Calculating area under curve
Both ROC curve and PR curve are two-dimensional depictions of classifier performance. In some cases when the curves of multiple classifiers intersect, it is hard to tell which one is superior. Therefore, it is preferrable to extract a single scalar metric from these curves to compare classifiers.
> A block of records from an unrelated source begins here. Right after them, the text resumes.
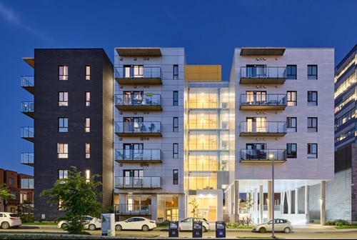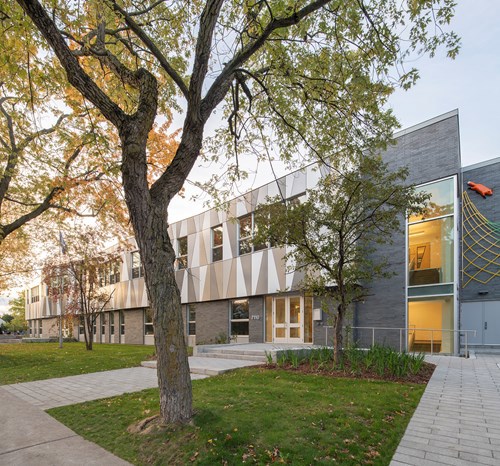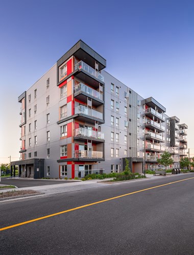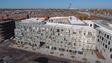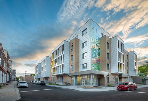 Description : Projet implanté sur le site de l’ancien centre Durocher dans le quartier St-Sauveur à Québec, un ancien quartier ouvrier de la basse-ville de Québec. L’aluminium a été choisi pour s’harmoniser avec les nombreux revêtements métalliques des bâtiments de ce quartier.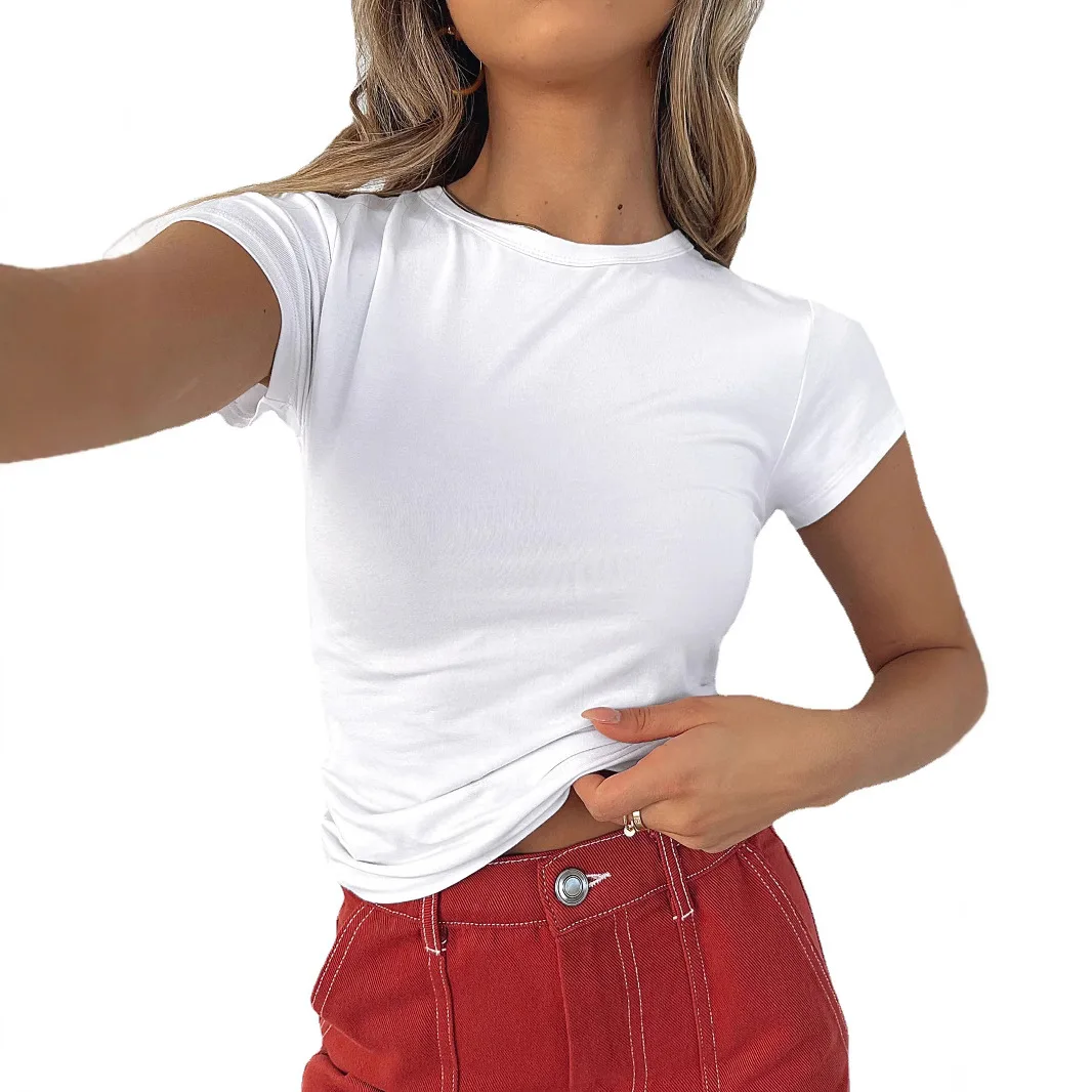 Y2K Women's Cotton T-Shirt Versatile Breathable Moisture Wicking Short Sleeved Stretch Tee Tops Summer Print XL Size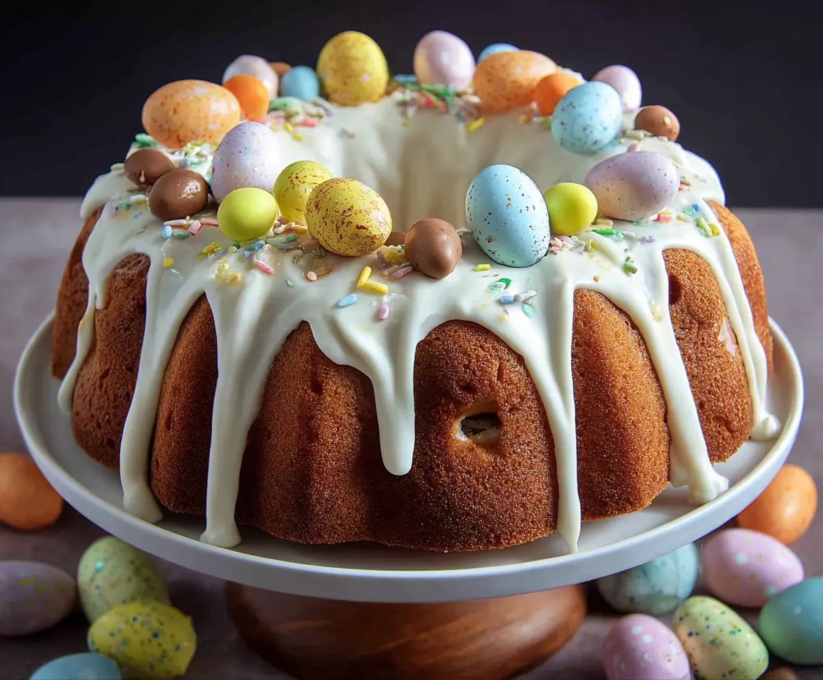 This Easter Bundt Cake is a festive treat packed with colorful sprinkles and a soft, moist texture. Topped with a sweet glaze, it’s perfect for celebrating the holiday!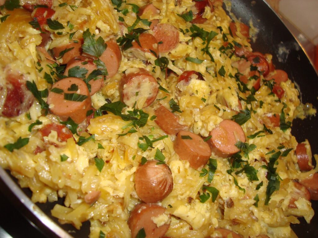 Escorra as batatas e junte-as ao preparado das salsichas, bem como os ovos batidos e temperados com um pouco de sal e pimenta.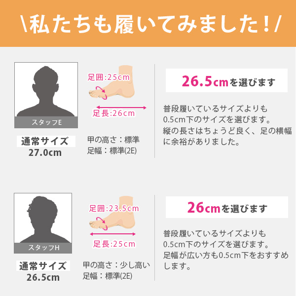甲高、幅広の方→「0.5cm小さめ」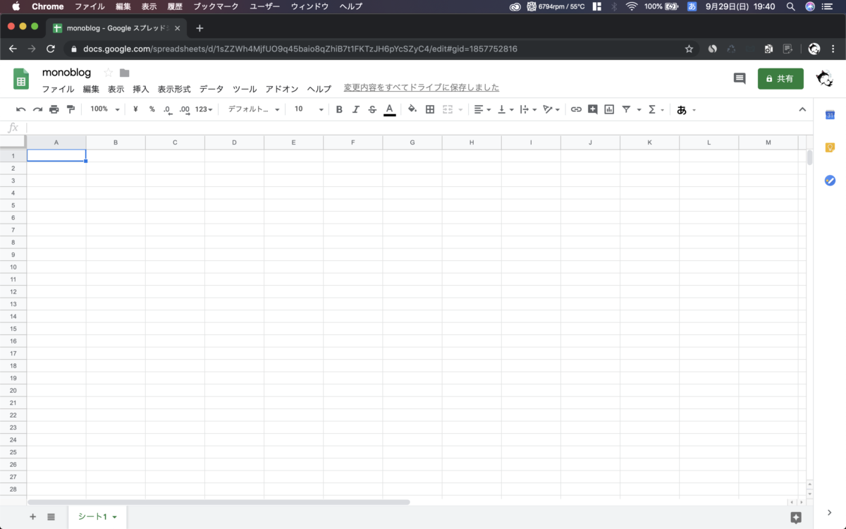 まず、ショートカットを作成したいスプレッドシートをブラウザ上で起動します。

The most common method is to calculate the area under an ROC curve or a PR curve, and use that area as the scalar metric.
To calculate the area under an ROC curve, use the roc_auc()
function and pass the true_class
and the score
columns as inputs:
dat %>%
roc_auc(true_class, score)
# A tibble: 1 x 3
.metric .estimator .estimate
<chr> <chr> <dbl>
1 roc_auc binary 0.68
To calculate the area under an ROC curve, use the pr_auc()
function and pass the same columns as inputs:
dat %>%
pr_auc(true_class, score)
# A tibble: 1 x 3
.metric .estimator .estimate
<chr> <chr> <dbl>
1 pr_auc binary 0.619
Summary
This post introduces the metrics required to plot ROC/PR curves, how to compute these metrics and plot the curves using R. However, it has not covered how to interpret the curves, or how to use them in practice (e.g., model selection/tuning), etc. These will be the topics of a few following posts.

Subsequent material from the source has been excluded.